→ **EXERCISE PROMPT**
Retype the whole listing verbatim and keep the pictures out of it.
── INFORMATION SHOWN
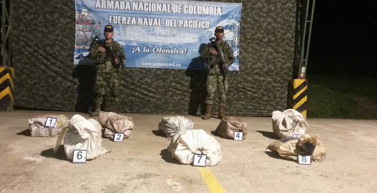 Desde esa área, cercana a la frontera con Panamá, se presume que los narcotraficantes pretendían sacar la droga vía marítima con rumbo hacia el norte del continente. En el lugar fueron hallados ocho costales de forma irregular, cargados con 150 paquetes, que por sus características de olor y color, contenían cocaína, avaluado en 5 millones de dolares.
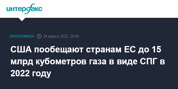 Москва. 24 марта. INTERFAX.RU - США завершают работу над соглашением о поставке до 15 млрд кубометров газа в виде сжиженного природного газа в страны Евросоюза в 2022 году, пишет Financial Times со ссылкой на информированные источники.
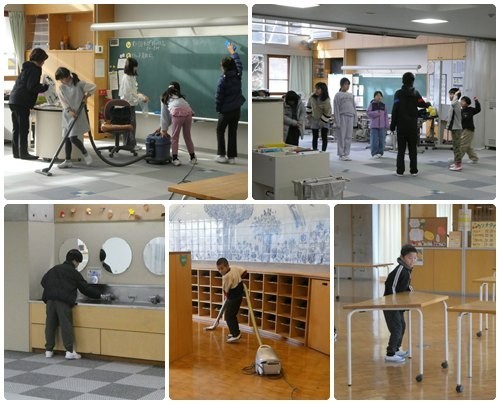 始業式が終わったあとは、縦割り班での清掃活動を行いました。寒い日でしたが、皆しっかりと自分の担当の清掃をしていました。2学期の大掃除でランチスペースの机や椅子をどかし、冬休みにワックスをかけたため、その机や椅子を元に戻さなければならなかったのですが、担当の子どもたちはもちろんのこと、清掃から戻ってきた子どもたちが椅子を運ぶのを快く手伝ってくれました。おかげでスムーズに元通りにすることができました。
────
→ **TASK RESULT**
 Desde esa área, cercana a la frontera con Panamá, se presume que los narcotraficantes pretendían sacar la droga vía marítima con rumbo hacia el norte del continente. En el lugar fueron hallados ocho costales de forma irregular, cargados con 150 paquetes, que por sus características de olor y color, contenían cocaína, avaluado en 5 millones de dolares.
 Москва. 24 марта. INTERFAX.RU - США завершают работу над соглашением о поставке до 15 млрд кубометров газа в виде сжиженного природного газа в страны Евросоюза в 2022 году, пишет Financial Times со ссылкой на информированные источники.
 始業式が終わったあとは、縦割り班での清掃活動を行いました。寒い日でしたが、皆しっかりと自分の担当の清掃をしていました。2学期の大掃除でランチスペースの机や椅子をどかし、冬休みにワックスをかけたため、その机や椅子を元に戻さなければならなかったのですが、担当の子どもたちはもちろんのこと、清掃から戻ってきた子どもたちが椅子を運ぶのを快く手伝ってくれました。おかげでスムーズに元通りにすることができました。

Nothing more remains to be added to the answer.